Couple devote lives to rescuing animals (video)

Sonny Long

Sept. 19, 2013 at 4:19 a.m.

Margie Hull comforts Squeaky, one of nine dogs the Hulls take care of. Squeaky was found with an injured foot and can only walk on three legs.

Margie Hull comforts Squeaky, one of nine dogs the Hulls take care of. Squeaky was found with an injured foot and can only walk on three legs.

NORDHEIM - Pat Hull rescued his first animals more than 75 years ago.

"I was walking home from school when I was 6 years old, and a lady handed me a burlap sack with kittens in it," said Hull, now 82.

"I took them home, and my mother wasn't real happy about it. It was the Depression, and we barely had enough food for ourselves."

That incident as a child stuck with Hull.

Around the small DeWitt County town of Nordheim, Hull and wife, Margie, have been taking in strays for years, paying for them to be spayed or neutered and trying to find homes for them.

"He's our unofficial animal control officer," joked Nordheim Mayor Kathy Payne. "But seriously, Pat does a great job taking care of animals that have been discarded by others.

"Besides taking care of the strays, if a family can't afford to have their dog spayed or neutered, he takes care of it. I commend him for that."

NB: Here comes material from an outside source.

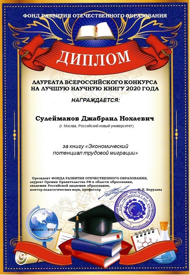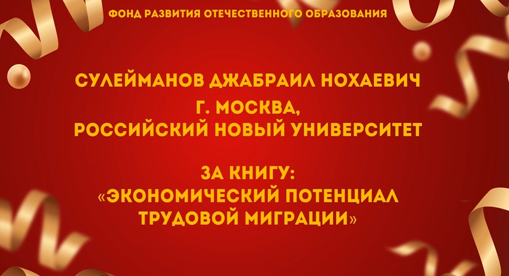 В номинации «Экономика» была отмечена книга «Экономический потенциал трудовой миграции». Её автор, директор Налогового института РосНОУ Джабраил Нохаевич Сулейманов, получил диплом лауреата конкурса.
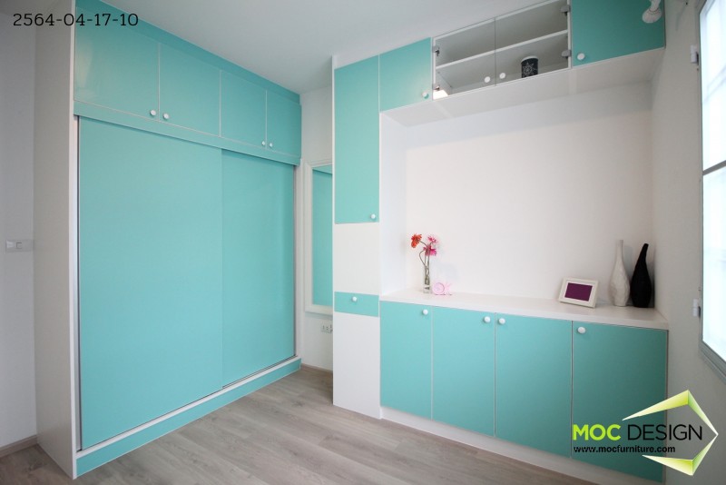 9. ตู้เสื้อผ้า ขนาด 2.00 x 2.60 m. วัสดุ MDF เมลามีน สี 873-02 ตัดสี 3325-02

Hull said he doesn't pay for spaying or neutering to help the pet owners.

"I don't do it for them. I do it for the animals," he said. "I have more feelings for animals than I do a lot of human beings."

Hull, who grew up in Alice, is a former coach and educator in the Crossroads, including stops as a football coach in Yorktown and basketball coach in Nordheim.

His love for animals comes naturally, he said.

"I don't know if it's inborn or what," Hull said. "I can't stand to see an animal hungry or uncared for. I can't pass them up. We keep carriers in the truck.

"They can't take care of themselves."

Hull's partner in caring is his wife of 45 years, Margie Hull.

"We try to adopt them all out, but right now, we've got 14 or 15 dogs at our house," his wife said. "And four cats.

"We name them all. Sometimes, they have funny names, but we name them."

As an example, she said, the most recent eighth dog they took in was dubbed "Henry," as in Henry the Eighth.

The Hulls estimate they've rescued thousands of animals since they moved to the Nordheim area in the mid-70s.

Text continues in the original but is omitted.